Mergulhado no esforço de definir e aprovar a reforma da Previdência, o governo terá de se voltar também para um problema igualmente importante - a crise fiscal dos Estados. Desde o início do ano, uma romaria de governadores tem ido a Brasília procurar a ajuda do presidente Jair Bolsonaro e da equipe econômica; e sete Estados já decretaram calamidade financeira. Tudo indica que o Palácio do Planalto vai aproveitar a situação de aperto para barganhar apoio dos governadores junto ao Congresso a favor das mudanças na aposentadoria.
Previdência é também um grave problema para os governadores e a solução dada pelo governo federal pode abrir caminho para o ajuste dos Estados. Levantamento do Instituto Brasileiro de Economia (Ibre/FGV) apurou que, para cada 100 funcionários públicos na ativa nos 26 Estados e Distrito Federal havia, em média, 88 aposentados e pensionistas, em 2017 (Valor 18/2). Em alguns Estados, o número de aposentados e pensionistas já supera o contingente na ativa, cujas contribuições, teoricamente, pagariam os benefícios dos primeiros. Vantagens do servidor como aposentadoria integral e tempo de serviço menor do que o do INSS agravam o problema.
Certamente os Estados se ressentiram da queda da arrecadação causada pela recessão de 2015 e 2016 e pela fraca atividade dos últimos dois anos. Mas os gastos subiram aceleradamente, com diversos tipos de consequências. O Tesouro acaba de informar que teve que honrar R$ 565,05 milhões em dívidas atrasadas de Estados, em janeiro. No ano passado inteiro, a União quitou R$ 4,803 bilhões de dívidas em atrasos de Estados; em 2017 foram R$ R$ 4,059 bilhões, de Estados e municípios; e, em 2016, R$ 2,377 bilhões.
Além das dívidas pendentes, os investimentos foram negligenciados, mesmo quando a receita cresceu mais. Relatórios fiscais do ano passado mostraram expansão de 7,23% da receita corrente líquida consolidada dos 26 Estados, e aumento de 6,32% das despesas de pessoal. Mas os investimentos caíram 2,4%, apesar de ser último ano de mandato dos governadores, quando há uma ampliação dessa conta (Valor 12/2). Os gastos de pessoal, chegaram a comprometer 70% das receitas de alguns Estados, superando o limite de 60% estabelecido pela Lei de Responsabilidade Fiscal.
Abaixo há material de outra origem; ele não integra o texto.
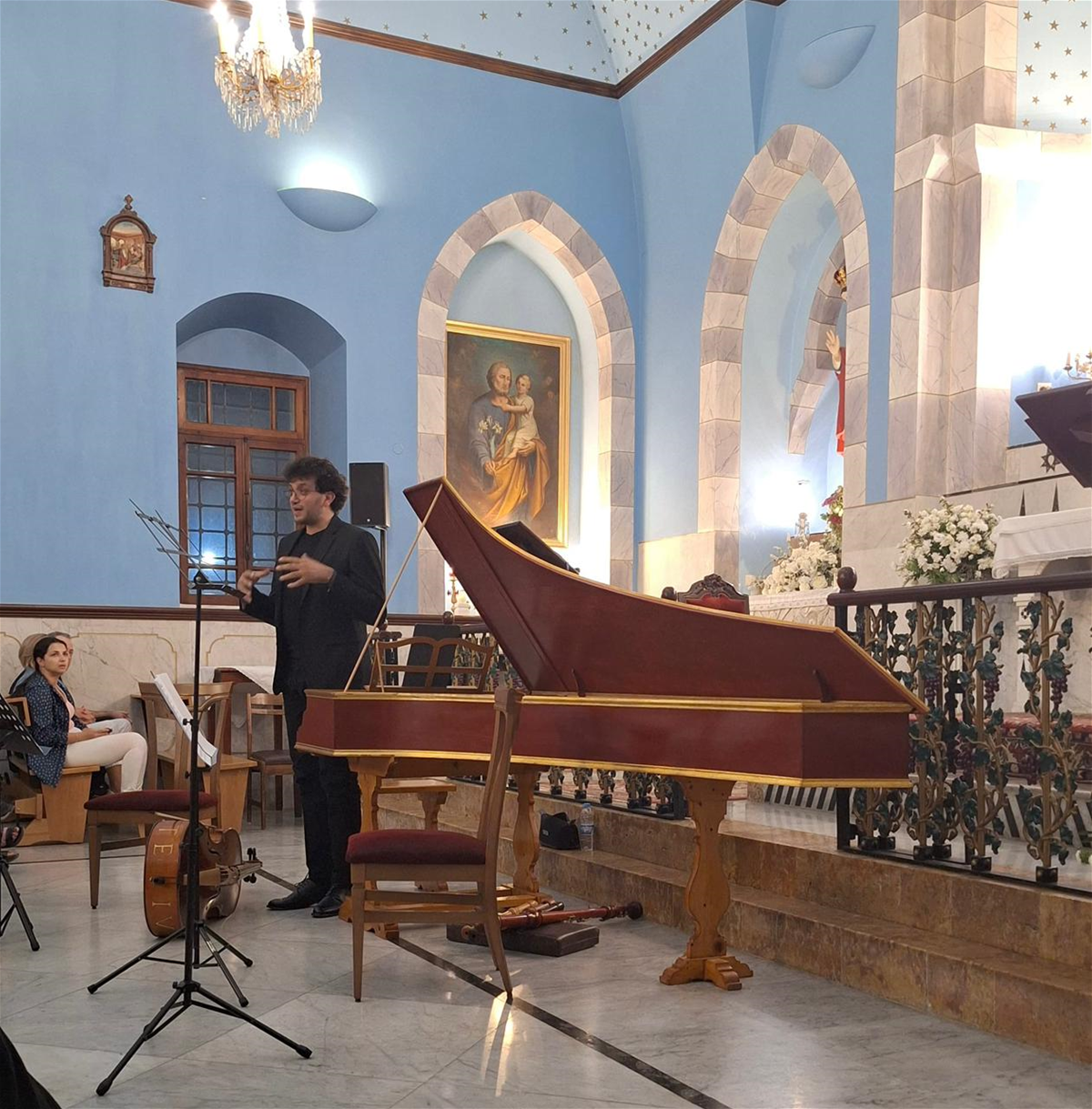وقد تألق في هذه الليلة الباريتون ماريو تحتوح بأداء غنائي مفعم بالإحساس، رافقه على آلة الكلافسان جو ضو بإتقان مدهش، وعلى آلة الفلوت فريد رحمة بنفحاته الهادئة، وعلى آلة الشيلو نايري غزاريان بعزف عميق أضفى دفئًا على أجواء الكنيسة التاريخية.

Além dos sete Estados que decretaram calamidade financeira, pelo menos nove não cumpriram o teto de gastos em 2018, de acordo com dados preliminares examinados pelo Comitê de Secretários de Fazenda (Comsefaz). Até 20 de março os Estados vão enviar os dados finais ao Tesouro. O teto de gastos foi estendido aos Estados pela lei complementar 156, de dezembro de 2016, como contrapartida ao prazo adicional de 20 anos para a quitação das dívidas estaduais renegociadas pela União e à redução dos pagamentos mensais feitos ao Tesouro. O Estado que não controlar as despesas terá que devolver os recursos que deixou de pagar, em parcelas mensais, com encargos. Por isso, os Estados querem mais prazo e que o cumprimento do teto de gastos seja exigido apenas neste ano. O Tesouro já se declarou aberto a negociar, no 2º semestre.
As pendências não param por aí. Estados mais ativos no comércio exterior estão brigando para ampliar as compensações do ICMS não cobrados das exportações previstas na Lei Kandir. Mas o Orçamento deste ano não prevê recursos para essa finalidade. Alguns resolveram criar novos tributos sobre produtos agrícolas. Mato Grosso passou a taxar a comercialização de soja, algodão, carnes, madeira e milho. Em outros casos, a briga é por uma fatia maior do Fundo de Participação dos Estados. O problema é tão grave que especialistas como Armínio Fraga, Ana Carla Abrão e Ari Sundfeld sugerem mudanças radicais nas carreiras dos servidores, como o fim das promoções automáticas e a avaliação de desempenho, a realização de um novo ajuste e a revisão da LRF, ampliando o prazo para o ajuste de dois quadrimestres para dez anos.
O receio é que se erre o diagnóstico achando que a razão das dificuldades dos Estados é apenas falta de dinheiro quando, na verdade, há excesso de gastos. Como avalia a Fitch Ratings, a LRF limita os gastos com pessoal, mas não prevê mecanismos para restringir o crescimento geral das despesas. Dessa forma, quando os Estados se beneficiaram de um aumento temporário nas receitas, as despesas cresceram. Mas quando o contrário ocorreu e houve queda nas entradas de recursos, os gastos não diminuíram.